Found through obedience to Christ.
When I was a
pastoral assistant I used to visit an elderly lady who showed me one day the
picture of her fiancé. He was a Chief Petty Officer, and he was killed driving
a landing craft onto one of the beaches on D-Day. She never married, for she
was committed, and she remained committed to the end of her life. And while she
had that grief, through her obedience it gave her joy, for she had loved and
served many and was the best friend of the children in the church – the family
she had not gained through marriage, but received in love through Christ’s
Body. There are many ways in which the
glorious liberty of the children of God is worked out in the lives of those who
love one another.
The Gospel
today sets out a pattern for living: with mercy and lack of condemnation; with
forgiveness and humble discipleship – for the disciple is not above the maser.

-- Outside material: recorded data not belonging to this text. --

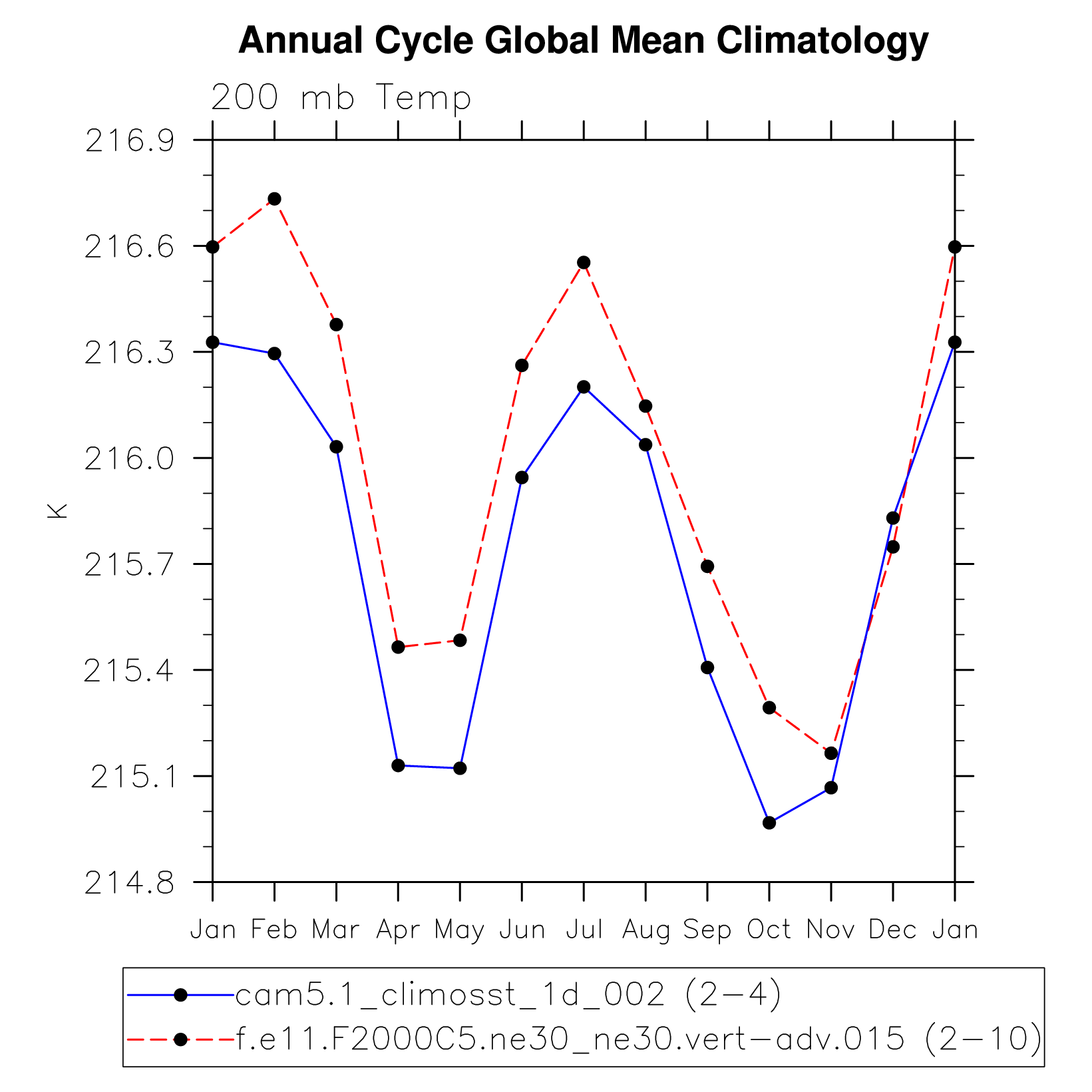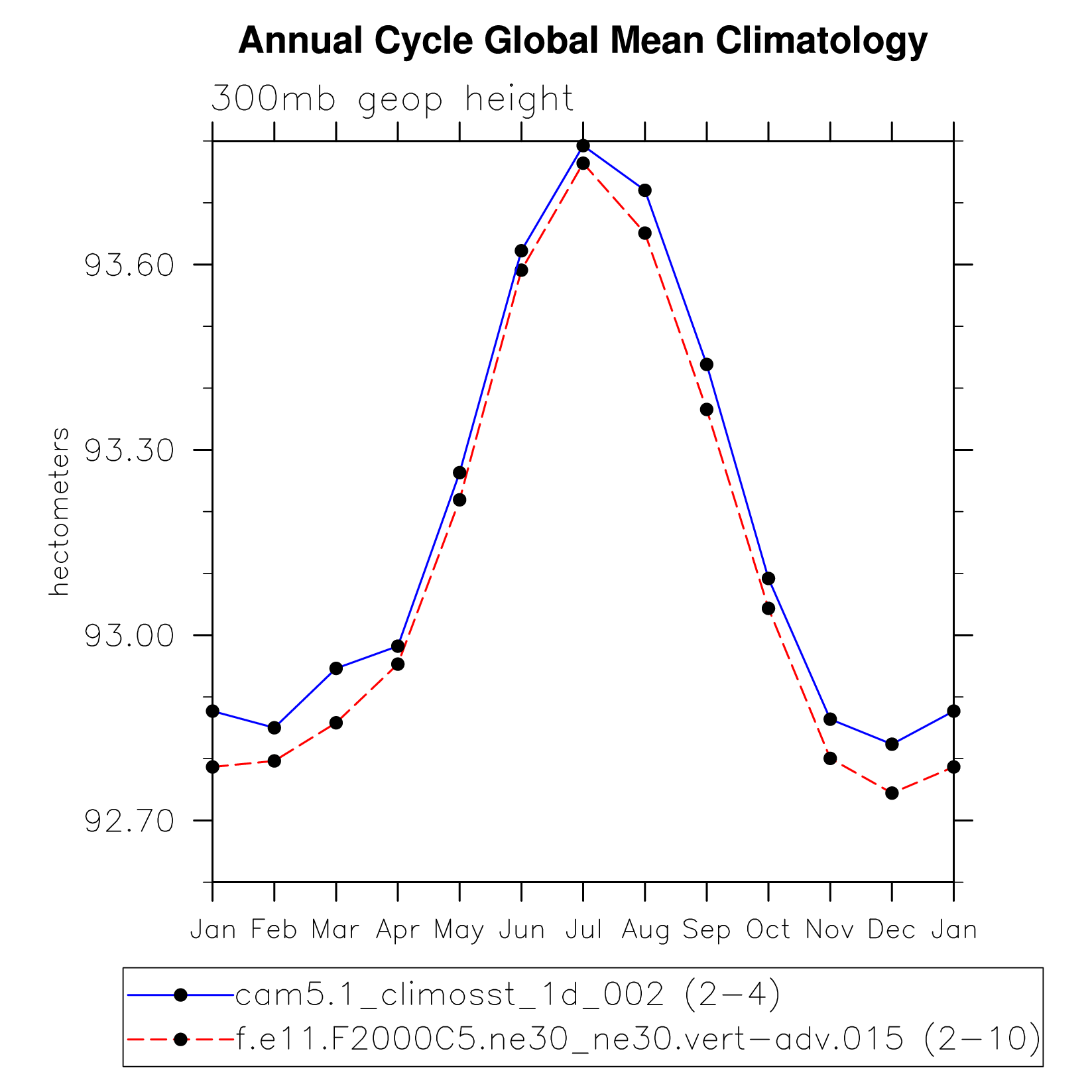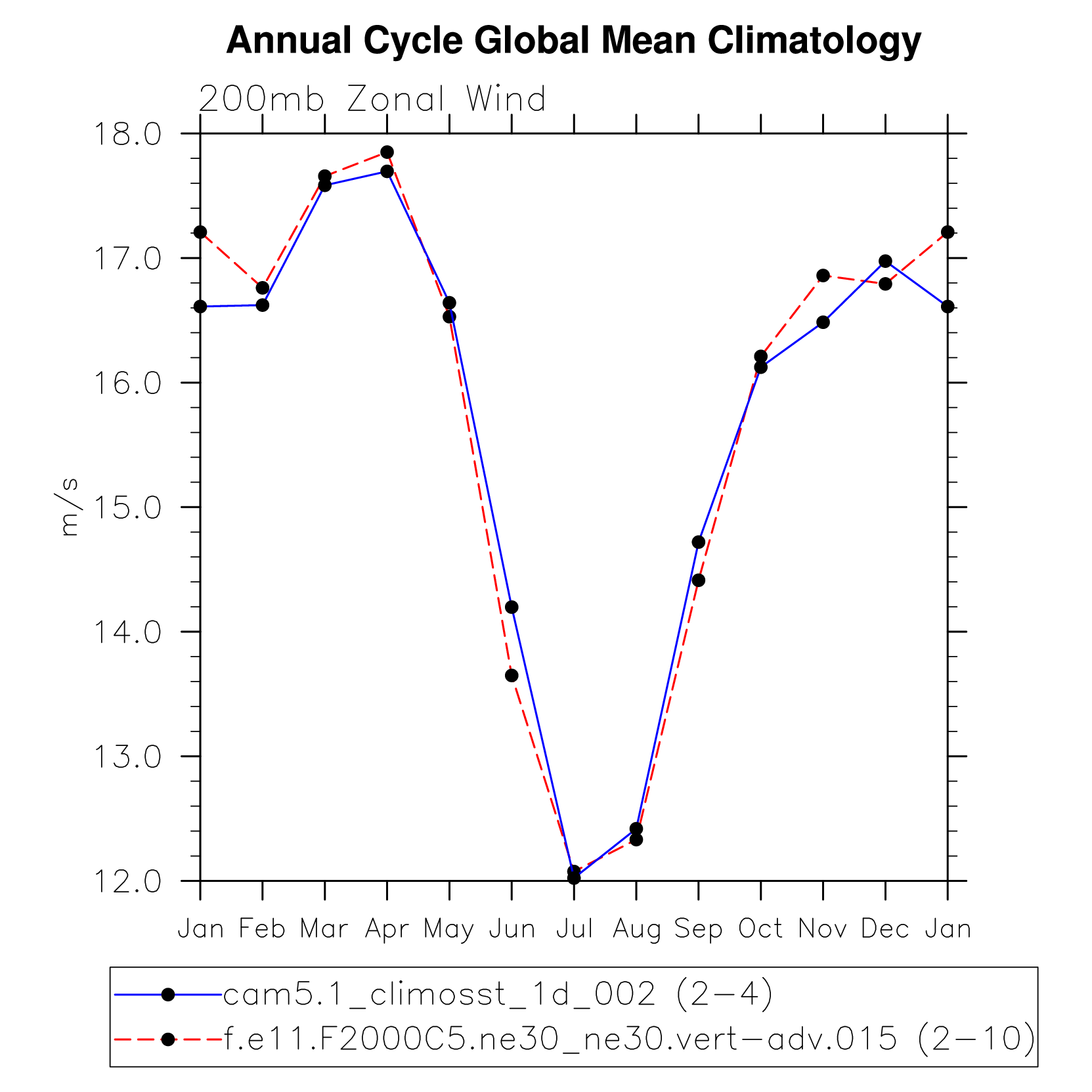DIAG Set 10 - Annual cycle line plots of global means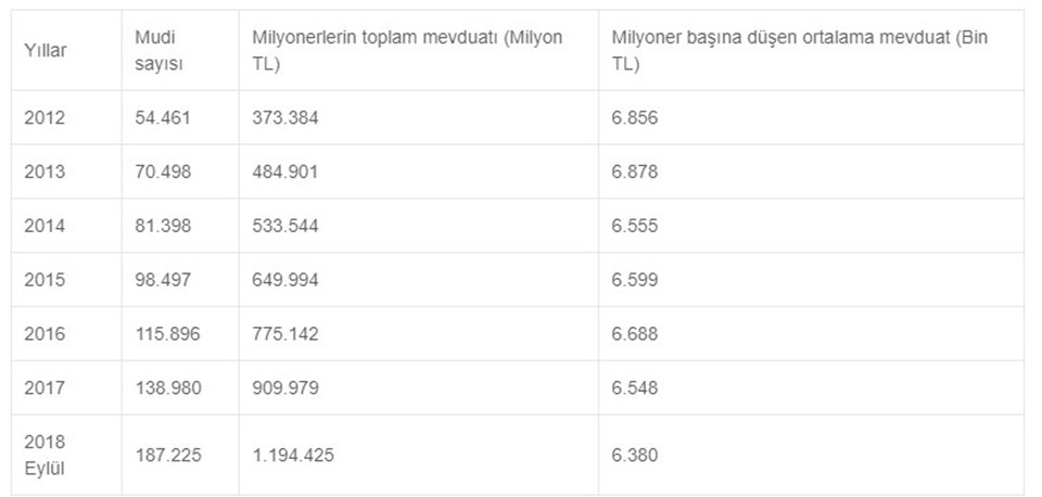 Söz konusu milyonerlerin toplam mevduatı eylül sonu itibarıyla 1 trilyon liranın üzerine çıkarak 1 trilyon 194 milyar 425 milyon liraya ulaştı. Böylece milyoner başına düşen ortalama mevduat, 6 milyon 380 bin lira oldu.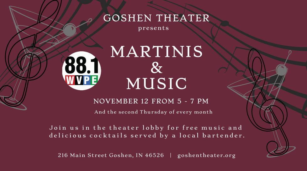 Join us monthly on the Second Thursday from 5-7 p.m. for Martinis and Music.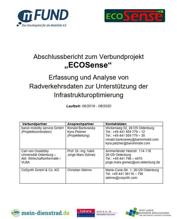 Das mFUND Projekt ECOSense wurde nach einer Laufzeit von insgesamt 15 Monaten Ende August 2020 erfolgreich abgeschlossen. Um die interessierte Öffentlichkeit und externe Partner über die finalen Projektergebnisse umfassend zu informieren, hat das Projektteam nun einen Abschlussbericht veröffentlicht. Dieser bietet einen ausführlichen Einblick in die erzielten Forschungsergebnisse aller beteiligten Projektpartner baron mobility service (mein-dienstrad.de), CoSynth und der Universität Oldenburg, Abteilung für Wirtschaftsinformatik VLBA. Der Bericht enthält viele wissenswerte Daten und Fakten wie etwa zu Vorträgen, die z.B. im Rahmen der mFUND Begleitforschung und der der Fahrradakademie des Deutschen Instituts für Urbanistik stattfinden, wissenschaftlichen Arbeiten und Veröffentlichungen, zu verwandten Projekten aus dem Themenfeld der Fahrradsensorik, sowie einen Ausblick auf offene Fragestellungen, die in Nachfolgeprojekten weiter erforscht werden sollen. Besonderer Dank gilt hier der Förderinitiative mFUND (Modernitätsfonds) und dem Bundesministerium für Verkehr und Digitale Infrastruktur (BMVI), die das Projekt ECOSense mit ihrer Förderung erst ermöglicht haben. Nachfolgeinitiativen, die u.a. eine noch stärkere Einbindung von Bürgerinnen und Bürgern im Rahmen einer nutzerorientierten Qualitätsbewertung der Fahrradinfrastruktur zum Ziel haben, sind bereits in Planung. Der ECOSense-Abschlussbericht kann hier heruntergeladen werden.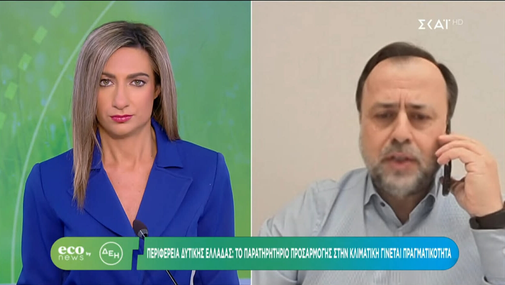 Τα καινοτόμα χαρακτηριστικά και τις δράσεις που ενσωματώνει το Παρατηρητήριο Προσαρμογής στην Κλιματική Αλλαγή της Περιφέρεια Δυτικής Ελλάδας παρουσίασε ο Αντιπεριφερειάρχης Βιώσιμης Ανάπτυξης, Ενέργειας, Χωροταξίας και Περιβάλλοντος, Λίνος Μπλέτσας, μιλώντας στην εκπομπή Econews by Day της τηλεόρασης του ΣΚΑΪ.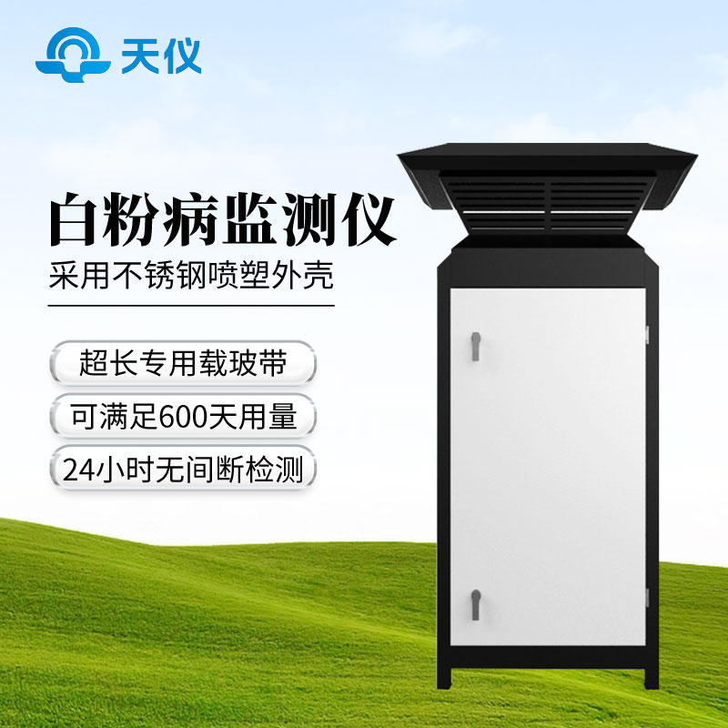 小麦白粉病为害小麦叶片、茎秆以及麦穗部,会导致小麦分蘖数减少,穗小粒少,产量减少。小麦白粉病监测仪是集气象监测和智能孢子捕捉显微成像于一体的新型白粉病监测装备。系统通过采集小麦种植区的生长环境情况,并根据系统内建模型进行小麦白粉病的发病情况预测。同时内置的白粉病孢子捕捉装置通过采集白粉病发病的孢子存量及其扩散动态,为白粉病的发生提供了无人化、可视化的验证手段。该设备主要由气象信息采集装置、孢子捕捉装置、孢子承载装置、图像采集装置、网络传输模块、电源与防雷系统组成。实现远程自动捕捉白粉病孢子信息,载玻带自动转动,自动采集、自动显微成像拍照,图片数据自动上传,自动运行等功能。同时将环境气象信息和白粉病病害图片实时上传到指定网络平台,形成气象环境信息与孢子发生状况动态对比数据库,为研究白粉病发生趋势和气象之间的关系提供大量的数据支撑。为现代农业提供服务,满足病情预测预报及标本采集的需要,及时防治病害发生。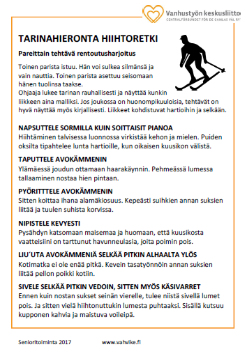 Parin kummallakin osapuolella on oma tarina, mutta liikkeet ovat samat. Tarinarentoutuksen tekeminen ryhmässä tuo hyvää oloa niin tekijälle kuin nauttijalle. Näillä rentoutuksilla tuotetaan lempeää kosketusta ja luodaan samalla rentouttajalle tärkeä kokemus miellyttävän hetken tarjoamisesta toiselle henkilölle. Se vahvistaa merkityksellisyyden tunnetta. Jos rentoutusliikkeiden tekijä ei jaksa seistä, tuolit voidaan asettaa peräkkäin. Liikkeet ovat helppoja. Ohjaaja lukee tarinaa ja samalla näyttää omilla käsillään, miten liikkeet tehdään. Tarinan loputtua kiitetään rentoutuksen tekijää, vaihdetaan roolit toisin päin ja luetaan toinen tarina. Jos osallistujia on pariton määrä ja lukija toimii myös rentouttajana, hän näyttää jokaisen liikkeen välissä ilmaan seuraavan liikkeen. Jotta tarinan lukeminen ja liikkeiden tekeminen onnistuisi yhtä aikaa, tarinapaperin voi laittaa nuottitelineeseen tai teipata seinään. Tarinarentoutuksen voi tehdä myös hoitaja, ohjaaja tai läheinen, jolloin voi valita tarinapareista jomman kumman.

Not seeing specks in my neighbour’s eye but trying to remove the plank in my
own. Christ has taught us His church is open and welcoming to all – whatever
state of life; but that He challenges us all to be obedient to the vow of love
which we have taken: some of us in marriage; all of us in commitment to Christ
and His way of living.
None of us
come up to the fullness of the freedom of the children of God in this world,
but we are all called to be a sign of it. For some of us a special grace is
given in the sacrament of marriage, through which we are strengthened to live
in a particular way in the church and in society. For all who are in Christ,
grace is restored and renewed when we all come together and are made one flesh
with one another in the flesh of Christ when He comes to us physically in bread
and wine to unite us spiritually with the eternal realities of His love: to give
us a taste now of the glorious liberty of the children of God.